Re: Great Commercial Suicide Albums
May 11, 2011, 18:52
OMD's Dazzle Ships is another one. Totally ahead of its time back in '83, and took about 25 years for the music media to pick up on how good it was.
Kid Calamity
9048 posts

Re: Great Commercial Suicide Albums
May 11, 2011, 19:10
Exactly. I had considered mentioning that and indeed several by David Bowie that could also have proved terminal.

However, both knew their core audience's eagerness or loyal enthusiasm (better than the press and critics certainly did) for having their horizons broadened. A risk that proved very lucky, indeed.

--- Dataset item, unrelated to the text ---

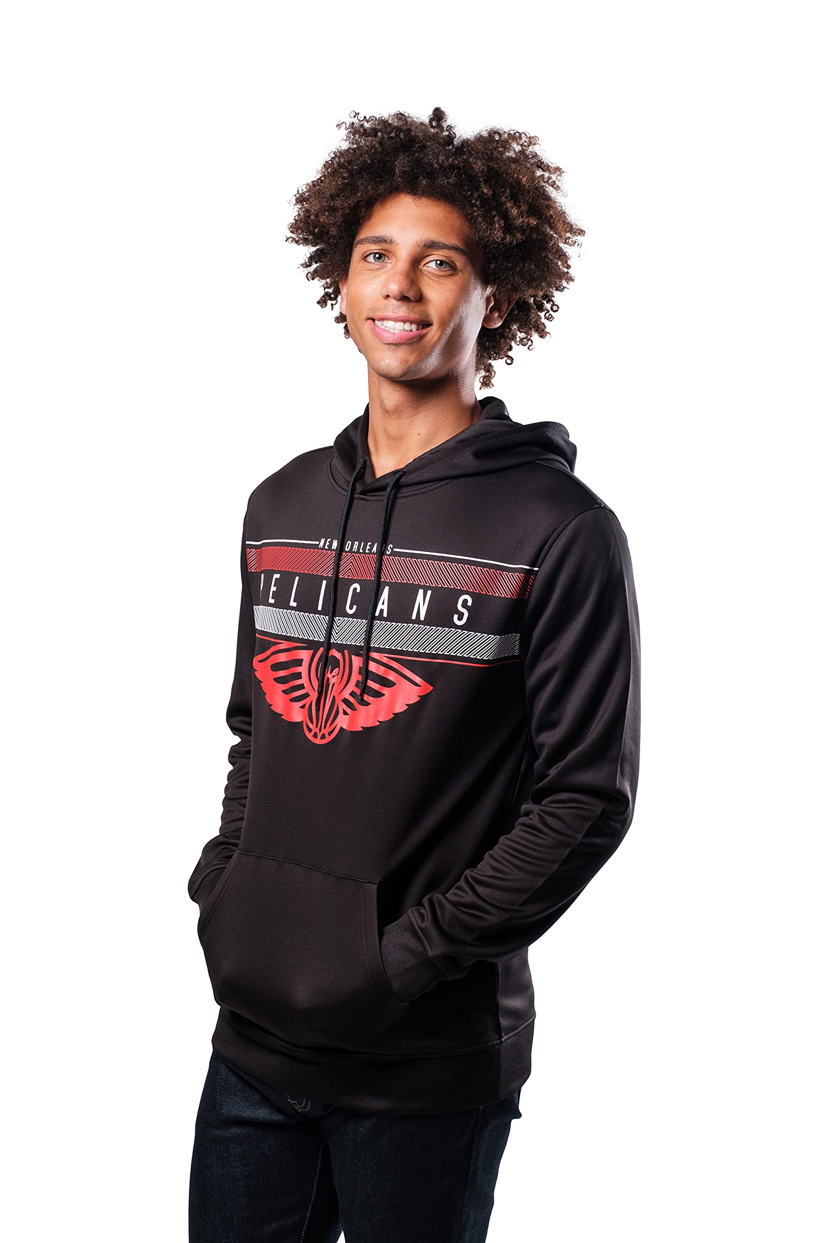 Description ULTRA GAME NBA APPAREL: Licensed by the NBA, Ultra Game NBA by UNK offers innovative designs with unique graphics and textures. SECURE FIT: Ribbed cuffs on sleeves and hem keep the hoodie in place, while a drawstring hood provides a custom fit. SOFT AND COMFORTABLE FABRIC: Breathable midweight poly-fabric and soft fleece lining ensure coziness. SPACIOUS FRONT POCKET: The roomy pouch offers storage and hand warming. SCREEN PRINTED GRAPHICS: Show off your team pride with official NBA team color graphics.

Now, where did Marilyn Manson go wrong?
toasted-whippet
toasted-whippet
86 posts

Re: Great Commercial Suicide Albums
May 11, 2011, 20:15
Daevid Allen has made a career out of it (or not!)

Big jazzy psychedelic Gong trilogy, followed by pared down acoustic "Good Morning" and "Now is the happiest time of your life" (His best work IMO)

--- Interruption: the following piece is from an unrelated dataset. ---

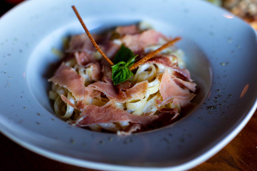 Cremosa preparación con hongos, aceite de oliva y queso parmesano, al final lajas de jamón serrano.

Just gets going again, then its "Death of Rock" and "Divided Alien Playbax" (hate them)

done this several times over
Robot Emperor
Robot Emperor
762 posts

Re: Great Commercial Suicide Albums
May 12, 2011, 00:03
Aidan wrote:
Soft Cell- This Last Night In Sodom. By far their best work. The less well-known Soft Cell material is far better than the stuff that generally gets played, particularly during their later stages.


Cheers Aidan. Added to my to get hold of list. A band I am ignorant of beyond liking what I have heard.
Robot Emperor
Robot Emperor
762 posts

Re: Great Commercial Suicide Albums
May 12, 2011, 00:12
elegant chaos wrote:
"If Mark Perry had been doing a “David Essex at the end of Stardust” when he released Vibing Up The Senile Man then his shedding of an audience he had come to dislike would have been historically heroic, rather than a footnote nobody cares about"

I'll have to ask him about that - not entirely sure if it was re an audience he came to dislike - it was more about questioning boundaries - those by establishment, those by punk, even those of his own making (I think)


Oh well, looks like a little heroic fantasy I have constructed around an album I have come to admire but at the time seemed deliberately designed to send me running for the hills. I think your interpretation more likely, you know the guy after all. Either way, admirable. Fulfilled both interpretations.
Monganaut
Monganaut
2382 posts

Re: Great Commercial Suicide Albums
May 12, 2011, 11:06
Yeah, The Manic's 'Holy Bible' did a similar thing. You'd have thought it would have wiped em' out, but it just upped the miserablist aspect of their fan base.
Ditto 'Dep Mode's 'Some Great Reward'

Pete Murphy/Mick Karn's 'Dalis Car' album had a similar effect on me, wasn't expecting THAT sound, but I was strangely drawn to it.

David Sylvian's 'Brilliant Trees' must have been a strange comeback for most of Japan's pop fans as well. As well as those instrumental/environmental collaborations with Holger Czukay et al.

Funny you mention Pulp's 'This is Hardcore', I was pondering that too. Weirdly, still one of my fav' Pulp albums to date.

I remember being distinctly unimpressed with John Foxx's follow up to 'Metamatic', 'The Garden'. Where were all the cool synths and hard edges? Warmed to it since, but at the time I was well pissed.

Second Horror's album was total fan dumpage. Where were all the cool garage riffage, they'd turned into bloody shoegazers!

Ditto Yeah Yeah Yeahs second (and third) long players too.
The Sea Cat
The Sea Cat
3608 posts

Re: Great Commercial Suicide Albums
May 12, 2011, 11:13
Satanic Majesties is a corker!
Popel Vooje
5373 posts

Re: Great Commercial Suicide Albums
May 12, 2011, 11:28
I haven't had time to read the entire thread, so apologies if someone else has already mentioned it - but the Monkees' "Head" (both the film and the album) is one example that springs to mind. That also brings to mind Slade's "Flame", which may not have been a deliberate attempt to shed fans, but both the film and the soundtrack were certainly a whole lot more downbeat than what their fans were used to.